Embracing the Infidel – Stories of Muslim Migrants on the Journey West by Behzad Yaghmaian

By Roadjunky, Posted Mar 25, 2009

book about muslim immigrants

Stories that won't make it to Fox News

Understanding the other side of the fence.

Embracing the Infidel is an enlightening and heart-wrenching read. Documenting the stories of the refugees and migrants coming out of places like Sudan, Iran, Kurdistan and Afghanistan, Yaghmaian allows us to take a peak beyond the physical and psychological borders that define our cosy, prosperous lives.

Yaghmaian is himself an Iranian and though he’s now an American citizen, his native language allows him to meet refugees fleeing war, police harassment and poverty, all heading for the dreamlike riches of the West. They cross borders illegally, sleep ten to a room in the worst neighbourhoods or outside in parks, applying for asylum and planning the next leg of their journey.

Most of them have no chance of getting refugee status. In places like Greece, around 1% of all cases are accepted and so most of the men and women on the road set their sights on the next country.

The stories of the border crossings in Embracing the Infidel are among the most disturbing you’ll hear. Those who are caught crossing into Bulgaria or Greece are frequently beaten by soldiers with metal rods or have packs of dogs set upon them. The beatings are to discourage them from coming back but many of them have nowhere else to go and so try to stash themselves away in a truck or on a boat once again.

Others try their way through snowy mountain passes or pay smugglers to take them across the Mediterranean on leaky boats. Sometimes these are sunk by the Greek coastguard and only those who know how to swim survive.

Yaghmaian begins his journey in Istanbul and slowly follows the migrant trail through to Sofia, Athens and Paris. Naturally, he meets some of those who were successful in crossing the borders by illict means and when he hears that an African refugee he’d known in Turkey had made it to Bulgaria, he takes him out to the town center to celebrate. Roberto, an Angolan who had escaped civil war, breathes in the air ecstatically and at one point pauses to buy a small address book from a street vendor.

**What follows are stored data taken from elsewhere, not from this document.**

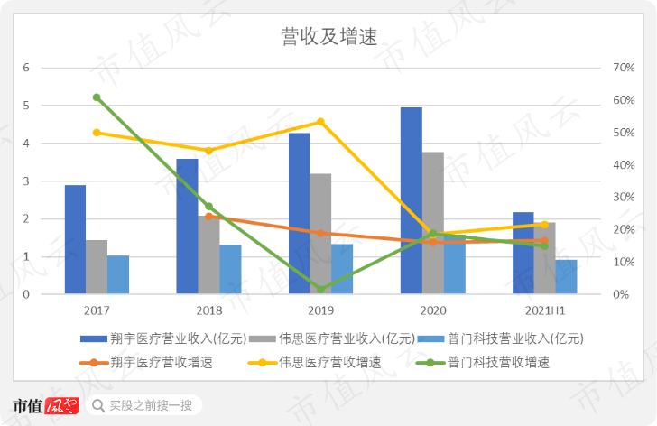 与同行的伟思医疗(688580.SH)以及普门科技(治疗与康复类业务)相比而言,翔宇医疗处于规模领先地位,但在营收增速方面处于中间位置,低于伟思医疗。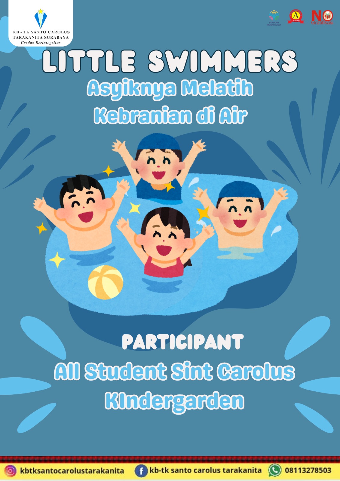 Kegiatan berenang menjadi salah satu momen yang paling ditunggu-tunggu oleh anak-anak TK. Dengan penuh semangat, mereka diajak untuk bermain air sambil belajar mengenal dasar-dasar berenang. Suasana ceria tampak dari senyum dan tawa anak-anak ketika merasakan segarnya air kolam.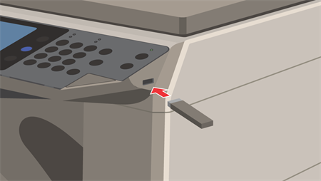 ②USBメモリーを「複合機」のUSB挿入口に差し込んでください。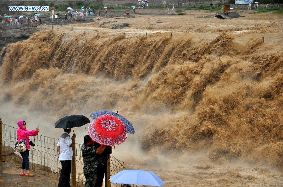 Tourists visit the Hukou Waterfall of the Yellow River in Jixian County, north China's Shanxi Province, Aug. 2, 2015. (Xinhua/Lyv Guiming)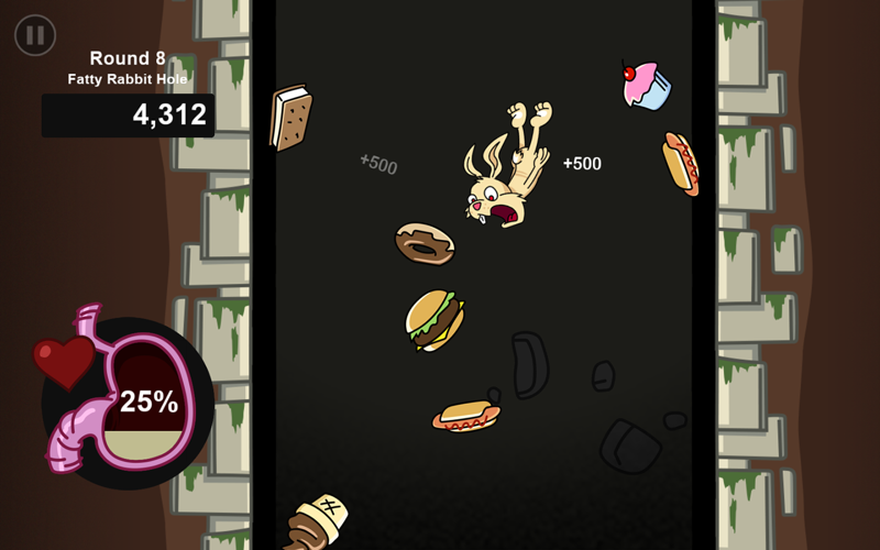 In Fatty Rabbit Hole, youre a rabbit falling down a hole, eating as much junk food as possible. Chowing down on disgusting healthy food, like vegetables, turns your stomach - and if you puke, youll lose progress toward completing the round - so try not to blow chunks!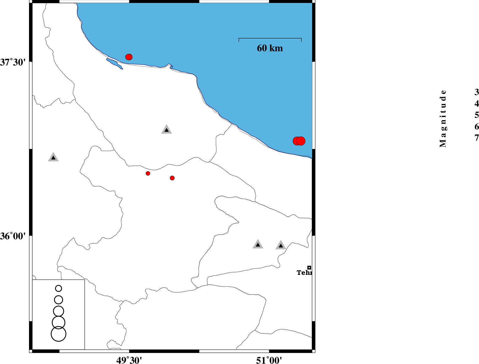 | 2012/07/27 | 21:19:26.9 | 01:49:26.9 | 36.82 | 51.3 | 6 | ML:4.1 | Caspian Sea, 22 km North-West of Chalus | ||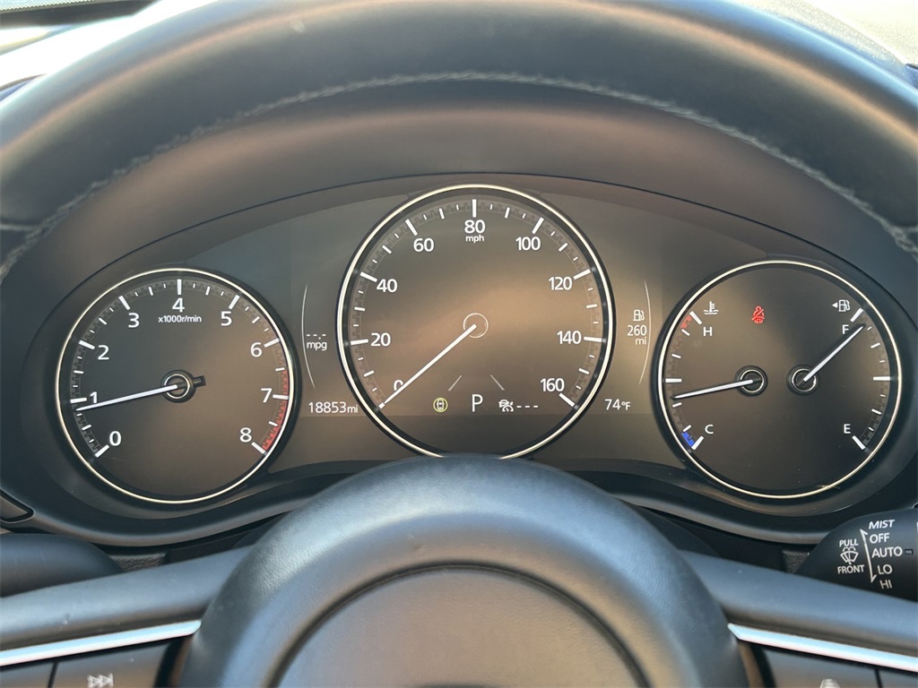CARFAX One-Owner. Clean CARFAX. 4-Wheel Disc Brakes, 6 Speakers, ABS brakes, Air Conditioning, Alloy wheels, AM/FM radio, AppLink/Apple CarPlay and Android Auto, Auto High-beam Headlights, Automatic temperature control, Brake assist, Bumpers: body-color, Compass, Delay-off headlights, Driver door bin, Driver vanity mirror, Dual front impact airbags, Dual front side impact airbags, Electronic Stability Control, Emergency communication system: Mazda Connected Services (3-year trial subscription included), Exterior Parking Camera Rear, Front anti-roll bar, Front Bucket Seats, Front Center Armrest, Front dual zone A/C, Front reading lights, Front wheel independent suspension, Fully automatic headlights, Heated door mirrors, Illuminated entry, Knee airbag, Leather Shift Knob, Leather steering wheel, Leatherette Seat Trim, Low tire pressure warning, MAZDA CONNECT Infotainment System, Occupant sensing airbag, Outside temperature display, Overhead airbag, Overhead console, Panic alarm, Passenger door bin, Passenger vanity mirror, Power door mirrors, Power steering, Power windows, Radio data system, Radio: AM/FM Audio System, Rain sensing wipers, Rear seat center armrest, Rear side impact airbag, Rear window defroster, Rear window wiper, Remote keyless entry, Speed control, Speed-sensing steering, Split folding rear seat, Spoiler, Steering wheel mounted audio controls, Tachometer, Telescoping steering wheel, Tilt steering wheel, Traction control, Trip computer, Turn signal indicator mirrors, Variably intermittent wipers, Wheels: 18" x 7J Aluminum Alloy.

“‘Who is this for, Roberto?” I asked.

‘It’s for me,’ he said, ‘I want to put your phone number in it.’

For the first time since he left Africa in the bottom of a ship, perhaps the first time in his tormented life, Roberto became a tourist.”

For the most part, the migrants are desperate to tell their stories. Part of their misery is not only not having enough to eat and being persecuted by the police, it’s being invisible. When Yaghmaian interviews them, they feel important for the first time in ages. They are heard. For, even when they get temporary legal status somewhere and can make a living selling Chinese sunglasses or selling kebab in the street, they know that they will never belong. The locals regard them with fear or, at best, with a kind of pitiful condescension. Roberto tells of being invited by some Greek girls for a drink but far from any thought of romance, at the end they offer him some money to compensate for his conversation. The shame makes it impossible for him to spend the money.

Desperation is the brother of crime and we learn about the drug addictions that many migrants fall into as they lose their way. In order to fuel their habit they get others addicted and sell to them. And then there are the smuggling rings run by the Kurds and Iranians who control the exit points to the docks – any migrant who tries to get through on his own gets beaten badly.

After 9/11, attitudes across Europe and America changed towards refugees and getting asylum became much harder. As many migrants are Muslims escaping wars in Iraq, Afghanistan and Sudan, they now had the label ‘terrorist’ to deal with and border states like Bulgaria and Greece have been pressured to tighten up their borders. Such pressure results in the violence and torture that migrants experience when they attempt to make their way West.

Embracing the Infidel takes away the labels and the statistics and shows us the very human stories of these people caught between two worlds, belonging to neither.